Le mensonge ne vient pas toujours d’où on l’attend. A l’heure actuelle, nombreux sont ceux qui dénoncent les mensonges de l’État, des institutions et du pouvoir en place, non pas pour rétablir un semblant de vérité, mais pour placer leur propre mensonge. Cette fois, c’est Philippe Martinez, le patron de la CGT, qui explique que le régime spécial des cheminots est « un régime qui est autofinancé par les cheminots, ça ne coûte rien. Ce régime est excédentaire« . Or, il est en réalité en déficit chronique.

 En effet, l’État a dû rallonger l’an dernier 3,3 milliards d’euros pour payer les pensions des anciens cheminots, et de leurs familles. Ce qui représente près des deux tiers de toutes les pensions versées. C’est simple, les cotisations ne rapportent que 37 % des recettes du régime, tout le reste est payé par les impôts.

En fait, Philippe Martinez fait semblant de ne pas voir, que depuis 2007, si la caisse affiche un bilan en parfait équilibre, tout le monde sait qu’elle le doit à une subvention d’équilibre versée directement par l’État et qui apparaît dans la balance des comptes de la caisse.

Il arrive donc à la caisse des cheminots ce qui arrive plus généralement a de nombreuses caisses, car le nombre de cotisants ne cesse de baisser, ils étaient 146 000 actifs à payer l’an dernier, pour 265 000 retraités. Dans ces conditions, il n’y a pas de miracle, et comme les actifs cotisent à hauteur de 8,2 %, mais hors primes, ce qui représente plus d’un cinquième de leur rémunération. La situation ne va pas s’améliorer, même si l’État, en tant qu’employeur finance non pas à hauteur du classique 16 %, mais à plus du double, soit près de 36 %.

Ce n’est pas pour rien que l’on parle de régimes spéciaux, à ce titre le régime des cheminots n’échappe pas à la règle. Tous les régimes spéciaux comme la RATP ou les marins par exemple, sont en déficit, et pour compenser la baisse du nombre d’actifs, l’État surcotise, et renfloue. Ce n’est d’ailleurs pas forcément à mauvais escient, et si au lieu de discuter et mentir sur les chiffres, le débat devrait plutôt se tourner vers la légitimité de tel ou tel avantage et en assumer les conséquences.

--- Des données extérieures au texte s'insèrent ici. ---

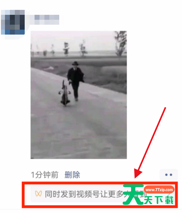 - 在朋友圈发布视频后,您会在下方看到“同时发布到视频号,让更多人看到”的提示。点击该提示。

Pour l’instant, tout le monde joue sa partition et en rajoute. En mettant en avant ces régimes spéciaux, le gouvernement sait que l’opinion publique va réagir et il peut en profiter pour faire valider de nombreuses réformes pour rénover le système à sa manière. De son côté, le patron de la CGT, essaye de défendre des acquis, y compris en « masquant » la réalité, souvent socialement justifiés, mais qui n’apparaissent parfois plus d’actualité et difficiles à maintenir économiquement.

A ce jeu de poker menteur, l’homme avisé essaiera de se faire sa propre opinion en n’oubliant pas comme souvent que « la vérité est ailleurs » ou « entre ».